▸ **GOAL OF THE EXERCISE**
Reproduce every record below exactly as written, leaving out any pictures.

BEGIN

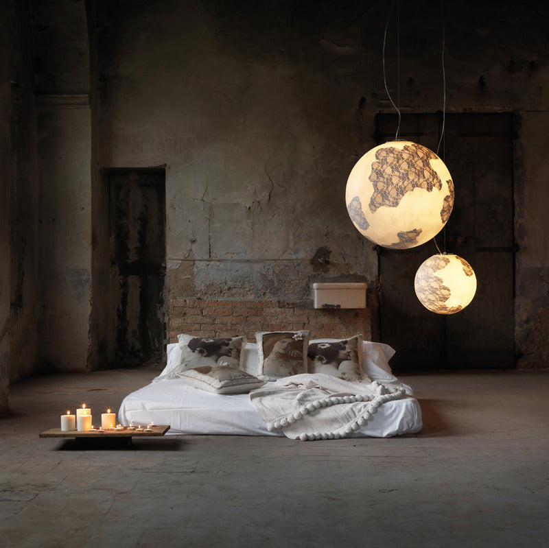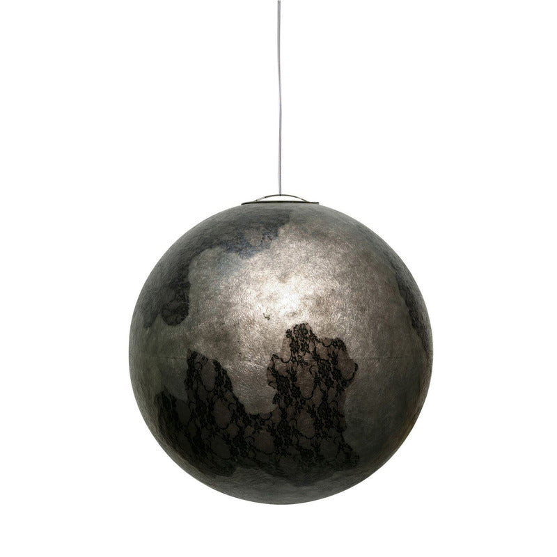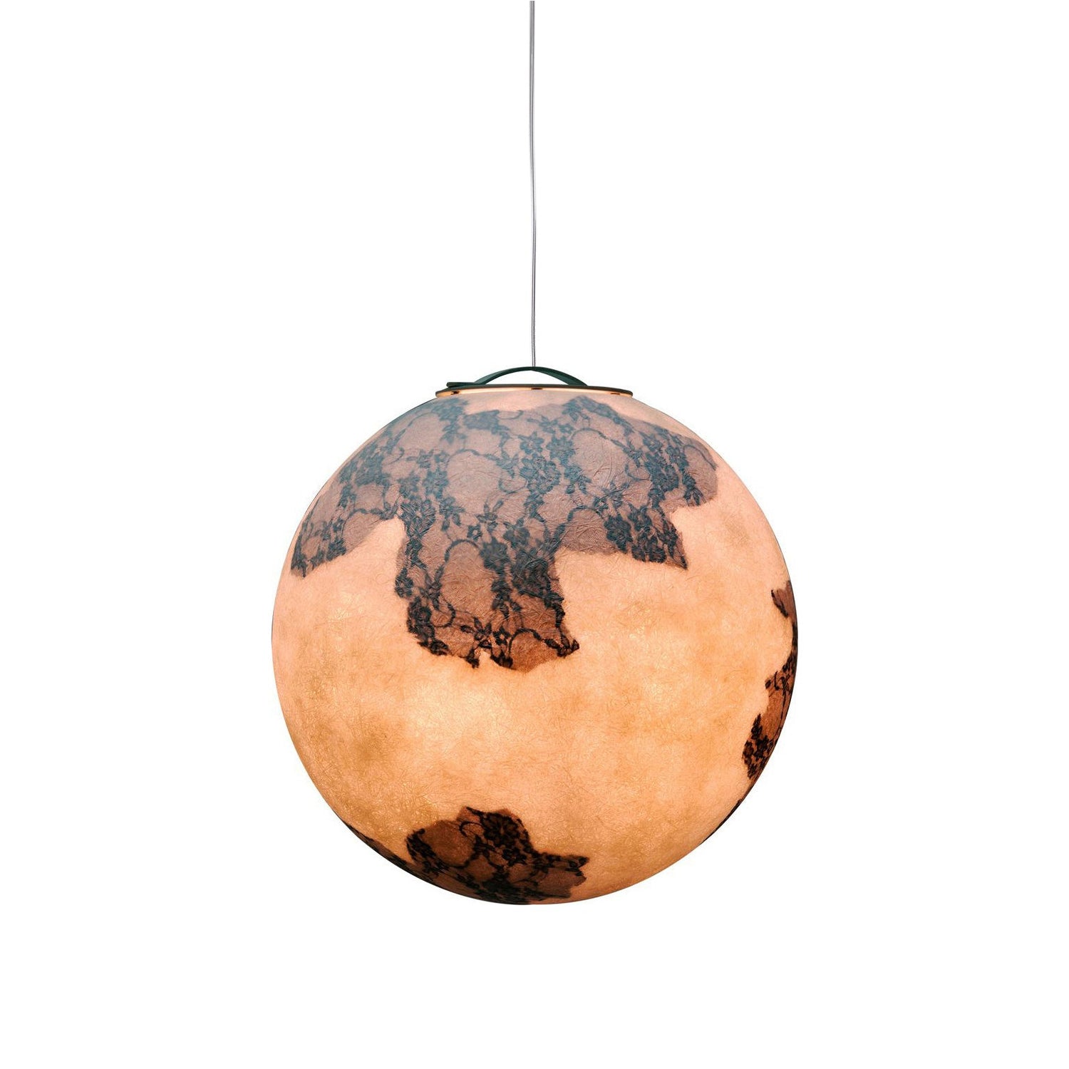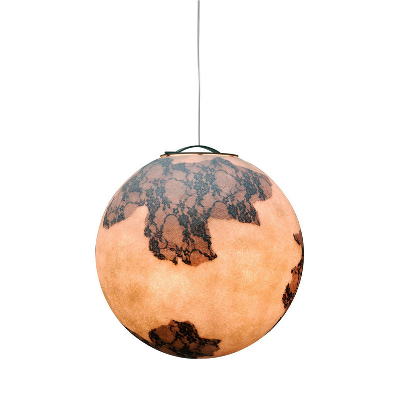 Might we say you'll be over the moon for the Ululi small Pendant Light designed by Matteo Ugolini? The fiberglass globe is embedded with lace for a continental serving of textural beauty. These planetary personalities are 17.75 in diameter and there are two color combinations with only subtle differences: the one that appears to have a candlelight glow is painted white and the one that appears a purer white is painted gray¡ªthink of them as the moon's illumination to the earth's shadow.
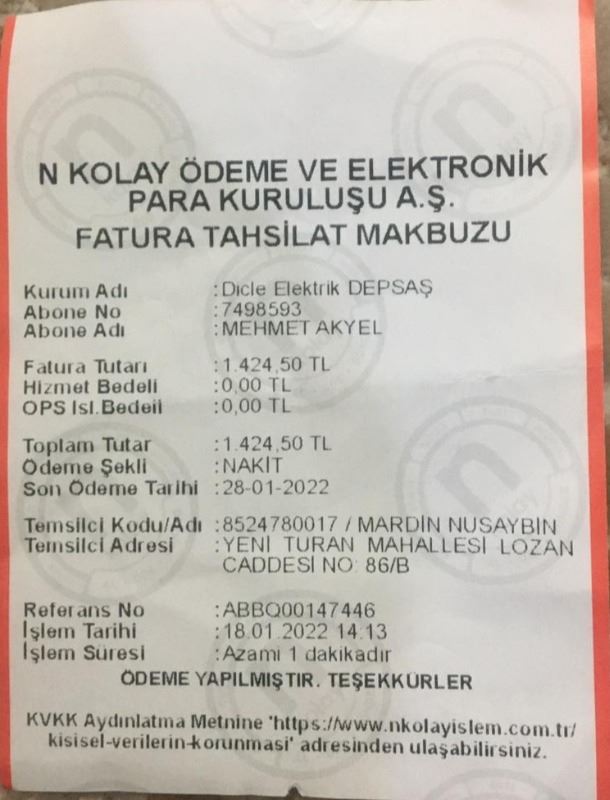 Bir hafta geçti bir fatura daha geldi, Bin 425 lira, o dairemde de kimse oturmuyor, sadece iki buzdolabımız var. Böyle kabarık faturalar gelince de o abonemizin kapatması için dilekçe verdik. Bu faturalarında ödemek zorunda kaldım.
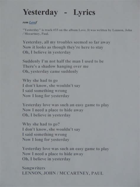 Hey guys! Ever found yourself humming along to a song and wondering what it actually means? Well, today we’re diving deep into one of the most iconic tunes of all time: “Yesterday” by The Beatles. We’ll be looking at the lyrics and translation , breaking down the meaning, and exploring why this song continues to resonate with so many people, even today. Get ready to explore the magic of Yesterday lyrics !
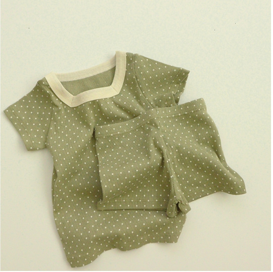 • 잔디 그린 도트 스퀘어 칼라 반팔 티셔츠/반바지
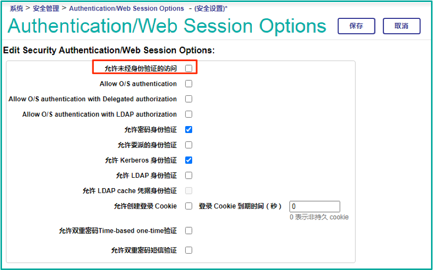 系统层面的配置,在管理门户>系统>安全管理>Authentication/Web Session Options ;

END

▸ **TASK OUTPUT**
 Might we say you'll be over the moon for the Ululi small Pendant Light designed by Matteo Ugolini? The fiberglass globe is embedded with lace for a continental serving of textural beauty. These planetary personalities are 17.75 in diameter and there are two color combinations with only subtle differences: the one that appears to have a candlelight glow is painted white and the one that appears a purer white is painted gray¡ªthink of them as the moon's illumination to the earth's shadow.
 Bir hafta geçti bir fatura daha geldi, Bin 425 lira, o dairemde de kimse oturmuyor, sadece iki buzdolabımız var. Böyle kabarık faturalar gelince de o abonemizin kapatması için dilekçe verdik. Bu faturalarında ödemek zorunda kaldım.
 Hey guys! Ever found yourself humming along to a song and wondering what it actually means? Well, today we’re diving deep into one of the most iconic tunes of all time: “Yesterday” by The Beatles. We’ll be looking at the lyrics and translation , breaking down the meaning, and exploring why this song continues to resonate with so many people, even today. Get ready to explore the magic of Yesterday lyrics !
 • 잔디 그린 도트 스퀘어 칼라 반팔 티셔츠/반바지
 系统层面的配置,在管理门户>系统>安全管理>Authentication/Web Session Options ;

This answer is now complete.